(RECORDS FOR THIS EXERCISE)

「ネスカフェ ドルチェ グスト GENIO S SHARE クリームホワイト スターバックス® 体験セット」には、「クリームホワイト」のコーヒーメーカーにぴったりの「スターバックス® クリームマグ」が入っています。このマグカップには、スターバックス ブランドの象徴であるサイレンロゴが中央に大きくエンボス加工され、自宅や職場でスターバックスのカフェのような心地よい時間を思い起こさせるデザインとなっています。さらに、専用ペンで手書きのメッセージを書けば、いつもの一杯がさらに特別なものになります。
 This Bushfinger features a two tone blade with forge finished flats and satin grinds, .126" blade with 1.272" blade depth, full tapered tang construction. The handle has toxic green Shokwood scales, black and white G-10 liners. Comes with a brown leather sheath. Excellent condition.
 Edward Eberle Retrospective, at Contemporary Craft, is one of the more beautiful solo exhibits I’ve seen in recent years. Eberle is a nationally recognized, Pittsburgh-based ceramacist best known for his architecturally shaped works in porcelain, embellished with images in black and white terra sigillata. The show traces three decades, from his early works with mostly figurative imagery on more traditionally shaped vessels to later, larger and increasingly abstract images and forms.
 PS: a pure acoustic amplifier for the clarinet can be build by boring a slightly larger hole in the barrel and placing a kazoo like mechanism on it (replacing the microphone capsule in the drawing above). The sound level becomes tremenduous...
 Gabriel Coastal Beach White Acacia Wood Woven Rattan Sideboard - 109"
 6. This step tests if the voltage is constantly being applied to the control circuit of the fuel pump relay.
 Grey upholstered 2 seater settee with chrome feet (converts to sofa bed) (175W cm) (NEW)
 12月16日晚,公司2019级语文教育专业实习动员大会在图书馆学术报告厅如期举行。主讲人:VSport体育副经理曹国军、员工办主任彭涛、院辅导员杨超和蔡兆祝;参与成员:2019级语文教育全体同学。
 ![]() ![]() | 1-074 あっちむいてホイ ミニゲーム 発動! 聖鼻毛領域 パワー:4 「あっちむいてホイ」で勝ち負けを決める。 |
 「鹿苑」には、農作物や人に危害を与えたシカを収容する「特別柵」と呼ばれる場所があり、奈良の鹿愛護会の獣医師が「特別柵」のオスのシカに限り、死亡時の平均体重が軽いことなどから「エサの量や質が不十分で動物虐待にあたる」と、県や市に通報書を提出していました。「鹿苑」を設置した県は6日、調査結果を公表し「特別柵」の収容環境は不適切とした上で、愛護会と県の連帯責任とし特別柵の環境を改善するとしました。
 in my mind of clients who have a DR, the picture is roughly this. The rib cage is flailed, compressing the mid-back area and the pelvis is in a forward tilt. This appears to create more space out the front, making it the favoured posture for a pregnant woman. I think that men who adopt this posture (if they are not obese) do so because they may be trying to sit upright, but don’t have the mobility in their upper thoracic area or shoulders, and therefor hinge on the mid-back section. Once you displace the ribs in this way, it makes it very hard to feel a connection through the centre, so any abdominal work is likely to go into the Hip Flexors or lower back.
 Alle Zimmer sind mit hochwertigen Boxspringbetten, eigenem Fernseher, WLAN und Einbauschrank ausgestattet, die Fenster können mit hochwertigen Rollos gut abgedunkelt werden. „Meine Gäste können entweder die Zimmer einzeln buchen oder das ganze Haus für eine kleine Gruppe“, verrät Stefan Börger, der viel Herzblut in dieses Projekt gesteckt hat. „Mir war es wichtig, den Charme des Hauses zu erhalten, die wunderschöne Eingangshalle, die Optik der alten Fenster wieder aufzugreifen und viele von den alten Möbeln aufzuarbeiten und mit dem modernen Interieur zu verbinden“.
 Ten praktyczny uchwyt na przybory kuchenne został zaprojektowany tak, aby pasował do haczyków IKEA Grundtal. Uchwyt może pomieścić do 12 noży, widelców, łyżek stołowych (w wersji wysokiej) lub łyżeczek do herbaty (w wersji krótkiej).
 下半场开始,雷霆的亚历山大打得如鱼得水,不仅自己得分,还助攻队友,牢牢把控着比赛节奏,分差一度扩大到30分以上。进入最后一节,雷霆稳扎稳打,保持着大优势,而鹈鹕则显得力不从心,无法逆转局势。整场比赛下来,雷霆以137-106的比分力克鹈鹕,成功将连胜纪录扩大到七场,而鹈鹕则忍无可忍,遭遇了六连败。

(End RECORDS FOR THIS EXERCISE)

ABOUT THIS TASK:
Write out the entire listing above once more. Keep it exact.

EXPECTED ANSWER:
「ネスカフェ ドルチェ グスト GENIO S SHARE クリームホワイト スターバックス® 体験セット」には、「クリームホワイト」のコーヒーメーカーにぴったりの「スターバックス® クリームマグ」が入っています。このマグカップには、スターバックス ブランドの象徴であるサイレンロゴが中央に大きくエンボス加工され、自宅や職場でスターバックスのカフェのような心地よい時間を思い起こさせるデザインとなっています。さらに、専用ペンで手書きのメッセージを書けば、いつもの一杯がさらに特別なものになります。
 This Bushfinger features a two tone blade with forge finished flats and satin grinds, .126" blade with 1.272" blade depth, full tapered tang construction. The handle has toxic green Shokwood scales, black and white G-10 liners. Comes with a brown leather sheath. Excellent condition.
 Edward Eberle Retrospective, at Contemporary Craft, is one of the more beautiful solo exhibits I’ve seen in recent years. Eberle is a nationally recognized, Pittsburgh-based ceramacist best known for his architecturally shaped works in porcelain, embellished with images in black and white terra sigillata. The show traces three decades, from his early works with mostly figurative imagery on more traditionally shaped vessels to later, larger and increasingly abstract images and forms.
 PS: a pure acoustic amplifier for the clarinet can be build by boring a slightly larger hole in the barrel and placing a kazoo like mechanism on it (replacing the microphone capsule in the drawing above). The sound level becomes tremenduous...
 Gabriel Coastal Beach White Acacia Wood Woven Rattan Sideboard - 109"
 6. This step tests if the voltage is constantly being applied to the control circuit of the fuel pump relay.
 Grey upholstered 2 seater settee with chrome feet (converts to sofa bed) (175W cm) (NEW)
 12月16日晚,公司2019级语文教育专业实习动员大会在图书馆学术报告厅如期举行。主讲人:VSport体育副经理曹国军、员工办主任彭涛、院辅导员杨超和蔡兆祝;参与成员:2019级语文教育全体同学。
 ![]() ![]() | 1-074 あっちむいてホイ ミニゲーム 発動! 聖鼻毛領域 パワー:4 「あっちむいてホイ」で勝ち負けを決める。 |
 「鹿苑」には、農作物や人に危害を与えたシカを収容する「特別柵」と呼ばれる場所があり、奈良の鹿愛護会の獣医師が「特別柵」のオスのシカに限り、死亡時の平均体重が軽いことなどから「エサの量や質が不十分で動物虐待にあたる」と、県や市に通報書を提出していました。「鹿苑」を設置した県は6日、調査結果を公表し「特別柵」の収容環境は不適切とした上で、愛護会と県の連帯責任とし特別柵の環境を改善するとしました。
 in my mind of clients who have a DR, the picture is roughly this. The rib cage is flailed, compressing the mid-back area and the pelvis is in a forward tilt. This appears to create more space out the front, making it the favoured posture for a pregnant woman. I think that men who adopt this posture (if they are not obese) do so because they may be trying to sit upright, but don’t have the mobility in their upper thoracic area or shoulders, and therefor hinge on the mid-back section. Once you displace the ribs in this way, it makes it very hard to feel a connection through the centre, so any abdominal work is likely to go into the Hip Flexors or lower back.
 Alle Zimmer sind mit hochwertigen Boxspringbetten, eigenem Fernseher, WLAN und Einbauschrank ausgestattet, die Fenster können mit hochwertigen Rollos gut abgedunkelt werden. „Meine Gäste können entweder die Zimmer einzeln buchen oder das ganze Haus für eine kleine Gruppe“, verrät Stefan Börger, der viel Herzblut in dieses Projekt gesteckt hat. „Mir war es wichtig, den Charme des Hauses zu erhalten, die wunderschöne Eingangshalle, die Optik der alten Fenster wieder aufzugreifen und viele von den alten Möbeln aufzuarbeiten und mit dem modernen Interieur zu verbinden“.
 Ten praktyczny uchwyt na przybory kuchenne został zaprojektowany tak, aby pasował do haczyków IKEA Grundtal. Uchwyt może pomieścić do 12 noży, widelców, łyżek stołowych (w wersji wysokiej) lub łyżeczek do herbaty (w wersji krótkiej).
 下半场开始,雷霆的亚历山大打得如鱼得水,不仅自己得分,还助攻队友,牢牢把控着比赛节奏,分差一度扩大到30分以上。进入最后一节,雷霆稳扎稳打,保持着大优势,而鹈鹕则显得力不从心,无法逆转局势。整场比赛下来,雷霆以137-106的比分力克鹈鹕,成功将连胜纪录扩大到七场,而鹈鹕则忍无可忍,遭遇了六连败。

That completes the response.